In Fig. 3, it is evident that during the initial stages of training, the loss variation trends across the five models are relatively similar, suggesting comparable learning speeds on the dataset at the outset. However, as the number of iterations increases, the TAF-ATRM framework proposed demonstrates a clear advantage. The loss reduction rate of this framework is significantly faster than that of the other models, indicating that it captures the features in the data more efficiently, thereby optimizing the learning process. Eventually, the loss curve for TAF-ATRM stabilizes, suggesting that the model reaches a more stable state in the later stages of training.
In terms of accuracy for the three-class emotion recognition tasks, the TAF-ATRM framework also exhibits superior performance. The final recognition accuracy stabilizes at 0.863, notably outperforming the other models, demonstrating the higher accuracy and robustness in multimodal sentiment analysis. This framework effectively handles complex sentiment classification tasks. The results for the MOSEI dataset are presented in Fig. 4.
Figure 4: Training process and recognition accuracy on the MOSEI dataset.
In Fig. 4, it is evident that the model’s loss variation trend during training closely correlates with its performance on the MOSI dataset. Given that this dataset contains a larger volume of data and more diverse sentiment expressions, the model’s complexity increases during training, leading to a relatively slower decline in loss. This reflects the challenges faced when handling large-scale, heterogeneous data. Nonetheless, the model proposed continues to exhibit stable performance, ultimately achieving an accuracy of 0.849 on the MOSI dataset. Although this is slightly lower compared to smaller datasets, it still underscores the model’s strong sentiment recognition capabilities on larger datasets. This result further validates the model’s effectiveness in managing complex multimodal sentiment analysis tasks, maintaining a high recognition rate despite the increase in data volume.
To more clearly compare the sentiment recognition performance of different models, we present additional comparison metrics under both datasets. The results of other model performance evaluation metrics are shown in Figs. 5 and 6, as well as in Tables 2–4.
Figure 5: The recognition result on the MOSI dataset.
Figure 6: The recognition result on the MOSEI dataset.
Method | Precision | Recall | F1-score |
---|---|---|---|
MFN | 0.753 | 0.763 | 0.756 |
RAVEN | 0.759 | 0.781 | 0.769 |
MCTN | 0.772 | 0.739 | 0.755 |
MulT | 0.815 | 0.795 | 0.805 |
TAF-ATRM | 0.859 | 0.873 | 0.866 |
Method | Precision | Recall | F1-score |
---|---|---|---|
MFN | 0.736 | 0.758 | 0.747 |
RAVEN | 0.763 | 0.771 | 0.767 |
MCTN | 0.799 | 0.783 | 0.792 |
MulT | 0.835 | 0.857 | 0.847 |
TAF-ATRM | 0.851 | 0.849 | 0.849 |
By comparing the three key metrics across the two datasets, it is evident that the TAF-ATRM model performs exceptionally well in the emotion recognition task, demonstrating a strong balance between accuracy and robustness.
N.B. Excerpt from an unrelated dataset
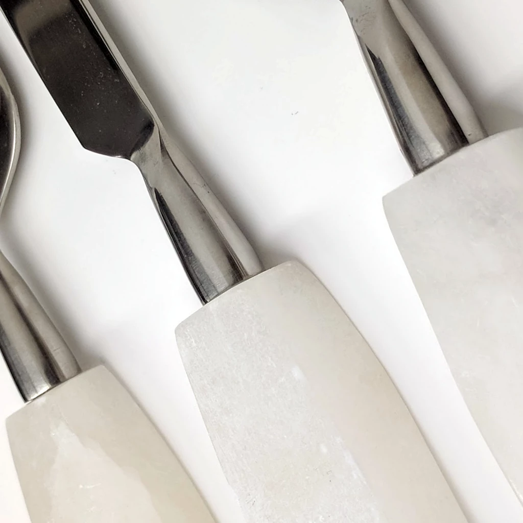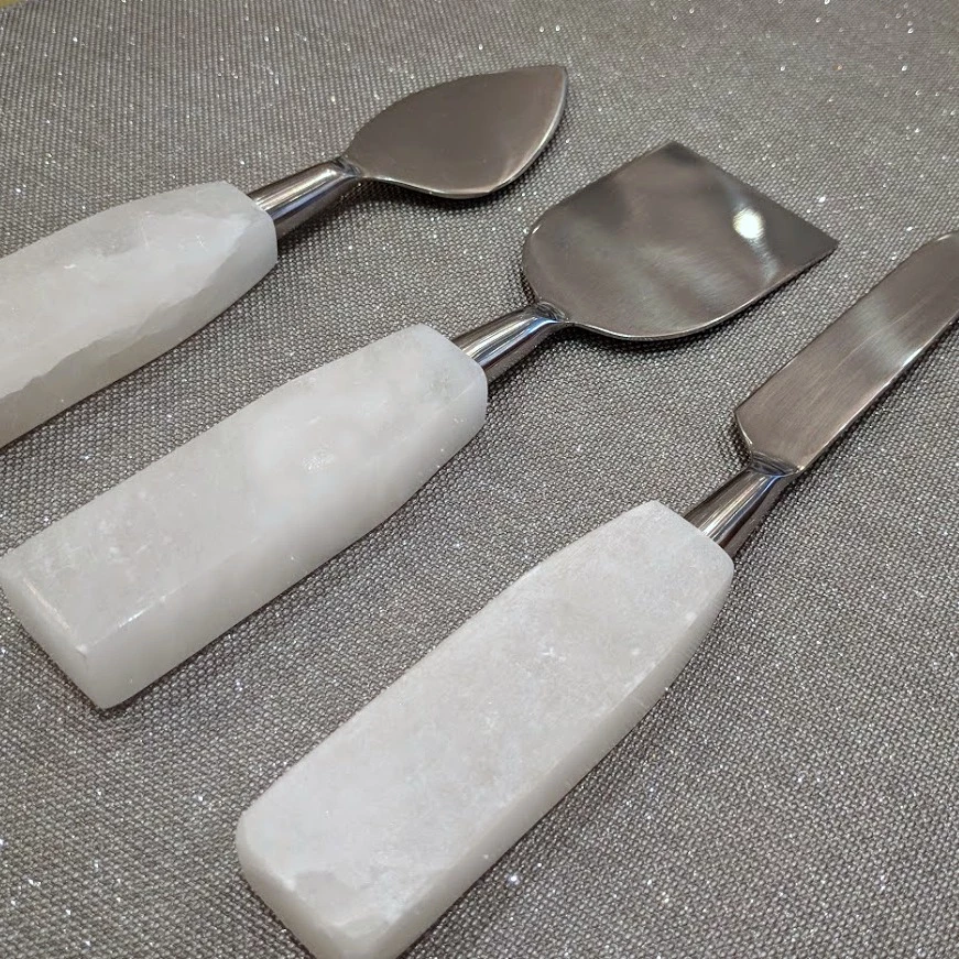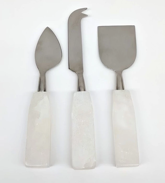 The cheese knives seem to go with everything! Opaque white alabaster stone & stainless steel, they are simple and attractive cheese knives. Three piece set.

The experimental results show that the model maintains consistent performance across datasets of varying sizes. On the smaller dataset, the TAF-ATRM model achieves F1-score of 0.866, while on the more complex and large-scale dataset, the F1-score remains high at 0.849. This trend mirrors the accuracy metric, highlighting the model’s stable classification ability and robustness across different dataset scales.
The results further validate the effectiveness of the proposed method, demonstrating its exceptional performance in emotion recognition on smaller datasets while also sustaining high accuracy and consistent results on larger, more complex datasets. This underscores the model’s strong generalization capability and its ability to achieve balanced recognition, even when tackling more challenging multimodal sentiment analysis tasks.
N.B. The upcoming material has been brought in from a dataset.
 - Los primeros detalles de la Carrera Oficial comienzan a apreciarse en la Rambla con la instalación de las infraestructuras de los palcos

At the same time, we provided the corresponding ROC curves for two models, as shown in Fig. 7.
Figure 7: The ROC cure for the model on both datasets.
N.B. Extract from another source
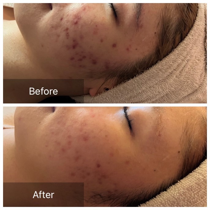 レーザーや医療用機器などの出力の高いものとは違い、マイルドな光になっております。痛みはほとんどなく、肌に優しい施術ができますので、終了後すぐに洗顔やメイクも可能です。

According to the results shown in Fig. 7, it can be seen that the overall change of the proposed method in the ROC curve is relatively average. The AUC values of TAF-ATRM in both datasets also change relatively evenly, with overall AUC values of 0.688 and 0.726, respectively. Compared with other models, not only is precision better, but the AUC training process is smoother, which can effectively achieve emotion classification and recognition research.
Ablation experiment and practical test analysis
To more thoroughly analyze the impact of different modal information and the integration of various attention modules on model performance, we conducted ablation experiments. The naming conventions for the models used in these experiments were introduced in “Dataset and experiment setup”. Additionally, to better address the issue of multimodal sentiment analysis in cross-cultural communication, we further extracted data from diverse cultural backgrounds. Specifically, we divided the cultural regions based on IP addresses, and then tested the accuracy of sentiment analysis for individuals from each region using the TAF-ATRM model proposed. This allowed us to compare the framework’s effectiveness across different cultural contexts.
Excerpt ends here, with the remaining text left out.